Students’ reading tastes reveal a lot about what they avoid reading, too. Through reading advisory conversations and reading conferences, we can dig into students’ reasoning behind why they enjoy reading certain types of books more than others. While many of my middle school students liked reading contemporary realistic fiction, fantasy, and science fiction, a much smaller group preferred historical fiction, poetry, and nonfiction. My students have taught me that when they express negative attitudes towards certain books, they lack meaningful, positive reading experiences with them. Consider students’ past experiences when they claim to dislike an entire genre or format. What types of nonfiction have they encountered? Textbook chapters? Test passages?

If students’ prior reading experiences have been negative or absent, how can we counteract them? We can begin by examining our curriculum documents and the books chosen for read-alouds, book clubs, and recommended reading lists. What limitations do we see? Do these resources reflect a range of genres and formats, including contemporary texts alongside traditional classics? Whose voices are missing? Frankly, how old and white are the books students are assigned and encouraged? How often do students read trade books in comparison to textbook passages and excerpts? What learning do we ask students to show when they read? How can we reduce the marginalia, worksheets, and projects attached to students’ reading, especially independent reading? Intentional planning and effort can reduce many of the negative interactions with texts students experience.

Beyond school assignments, we can increase students’ positive reading experiences with texts by promoting and sharing books they claim to dislike. Provide frequent opportunities for students to preview, share, and discuss books they might read. Encourage students who enjoy reading less popular genres or well-known authors to recommend their favorites to classmates through book talks and reviews.
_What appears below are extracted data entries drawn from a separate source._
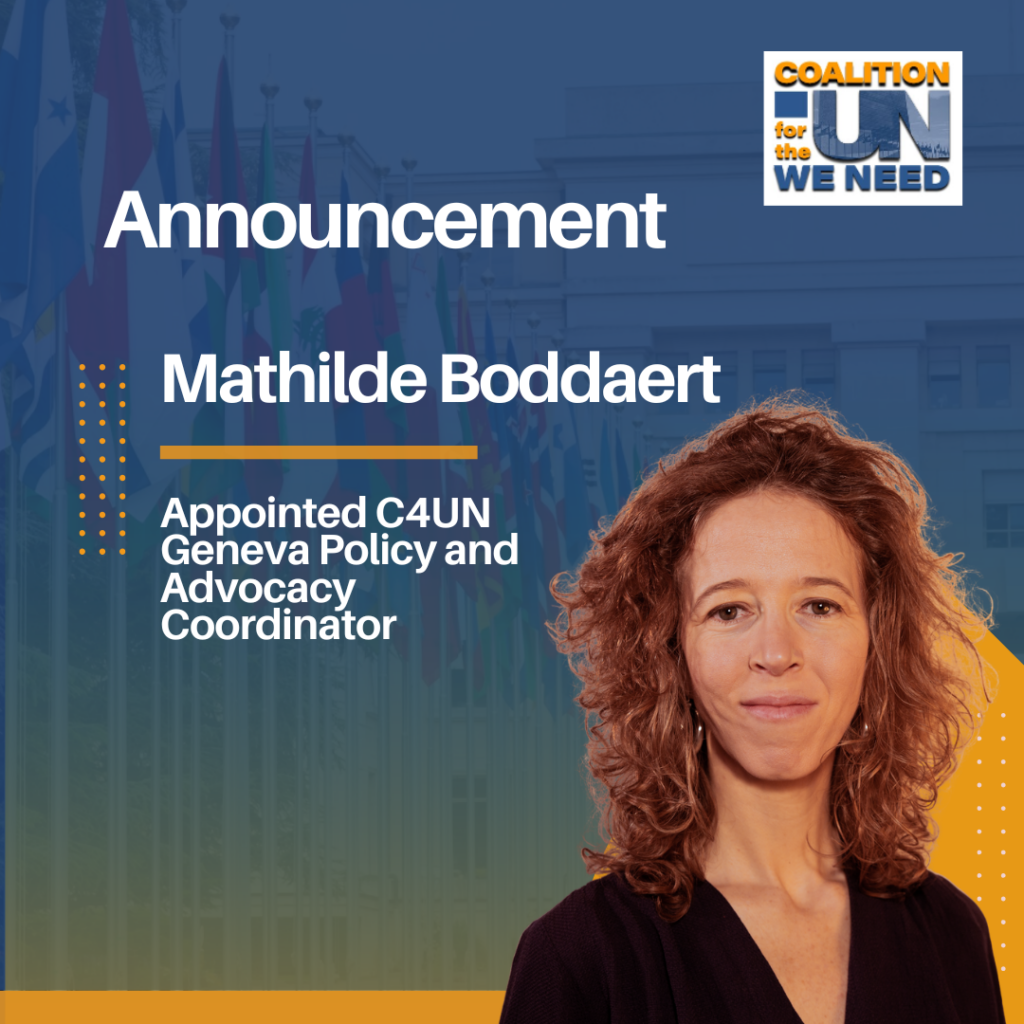 With over 18 years of experience across the UN system and civil society, C4UN is pleased to announce the appointment of Mathilde Boddaert as our first Geneva Policy and Advocacy Coordinator, strengthening our engagement in Geneva at a critical moment for multilateralism.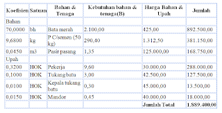 Demikian contoh perhitungan pasangan 1/2 bata dengan campuran adukan 1 pc:5ps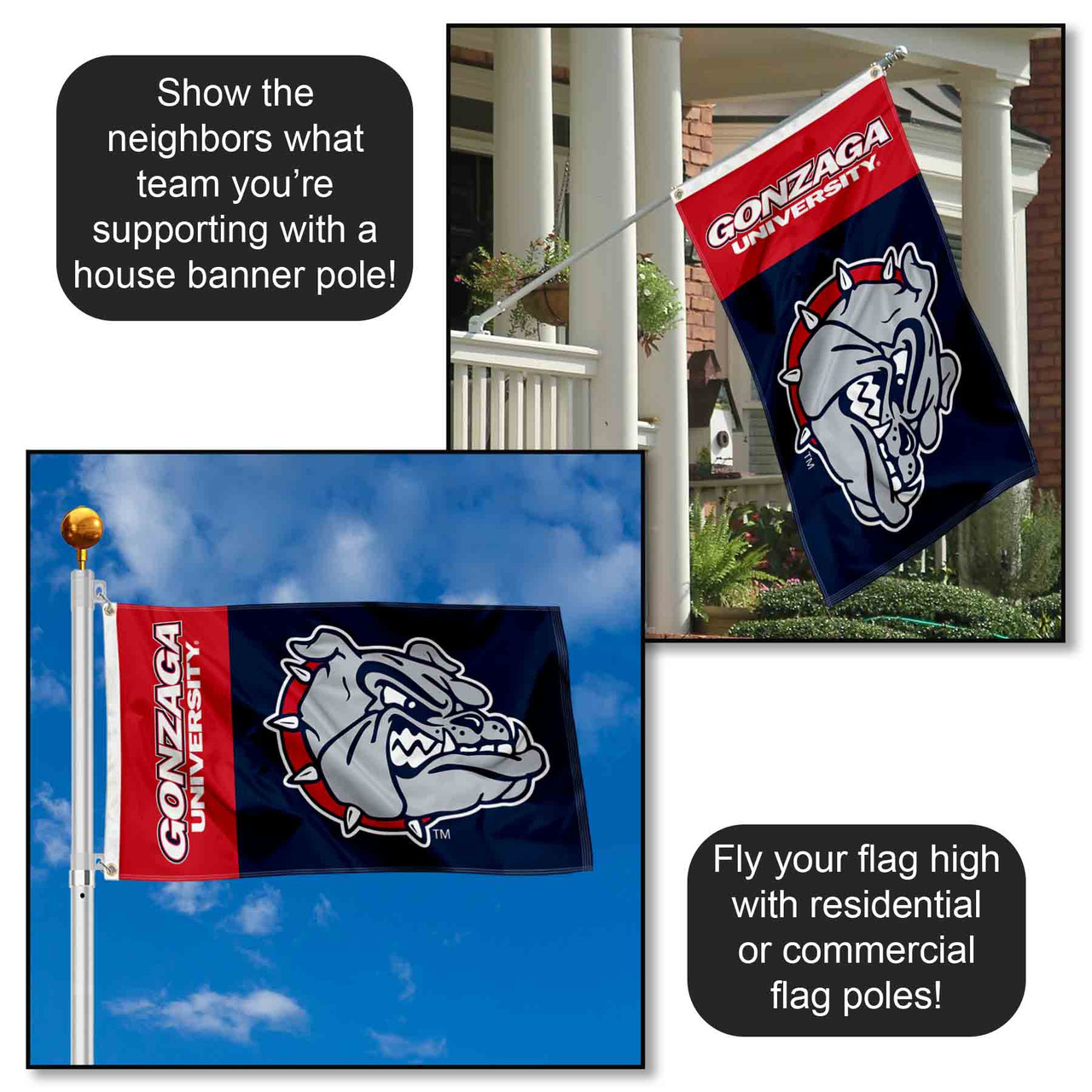This outdoor grommet banner flag measures 3 ft x 5 ft in size, has Quadruple Stitched fly ends, is made of durable Polyester, and has two Metal Grommets for attaching to your flagpole, tailgating flag pole, or for hanging as a large banner. The Screen Printed team logos are Officially Licensed and University approved. The printed insignia are Viewable from Both Sides (Opposite Side is a Reverse Image). Poles, Brackets, and Accessories sold separately.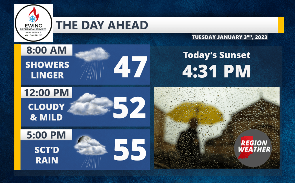 A warm front will move north through the Region today barely reaching the lakeshore–but this will help to get mid 50 to low 60 degree air into NWI this afternoon. Morning rain will become widely scattered by midday before a few afternoon thunderstorms develop along and ahead of the cold front with this entire system. Cooler air doesn’t move in until tonight so enjoy the spring-like afternoon!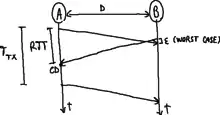 A constraint between the frame size and the collision diameter exists so that all collisions are recognized: collision detection works only if the round trip time , that is the outward and return time, is lower than the transmission time :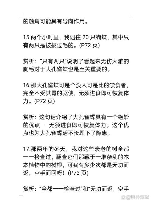 昆虫记好词好句摘抄 好词:为饥饿所驱:形容昆虫因饥饿而驱使行动。为口渴所苦:描述昆虫因缺水而遭受的痛苦。毫无疑问:表示确定无疑,没有疑问。与生俱来:指天生就有,生来就具备的特质。默默无闻:形容昆虫等生物不为人知,无声无息。威风凛凛:形容气势威严,令人敬畏。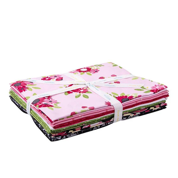 Item Description: This 1-Yard precut bundle includes a 1-yard piece of each print in the pink colorway (C14010-PINK, C14011-BERRY, C14012-BLACK, C14013-BLACK, C14014-GREEN, C14015-WHITE, C14016-GREEN, C14017-ROSE) and P14019-PANEL from the Flour & Flower collection by Jill Finley for Riley Blake Designs for a total of 8 yards and 1 panel.

Store and share students’ recommendations on a private YouTube channel or another platform, and organize them by genre, format, or whatever categories serve readers best. Work with colleagues and students to create “If You Like This, You Might Like This…” lists and displays that connect to current favorites and offer something new to try.

When considering students’ preferences, recognize that many lifelong readers have strong feelings about the types of books they enjoy. Librarians and teachers must determine whether students’ preferences stem from wide reading experiences or from limited ones and respond accordingly. Abundant access, exposure to a wide variety of books, encouragement for their reading choices, and lots of positive reading experiences help students develop reading tastes and joyful reading lives of their own.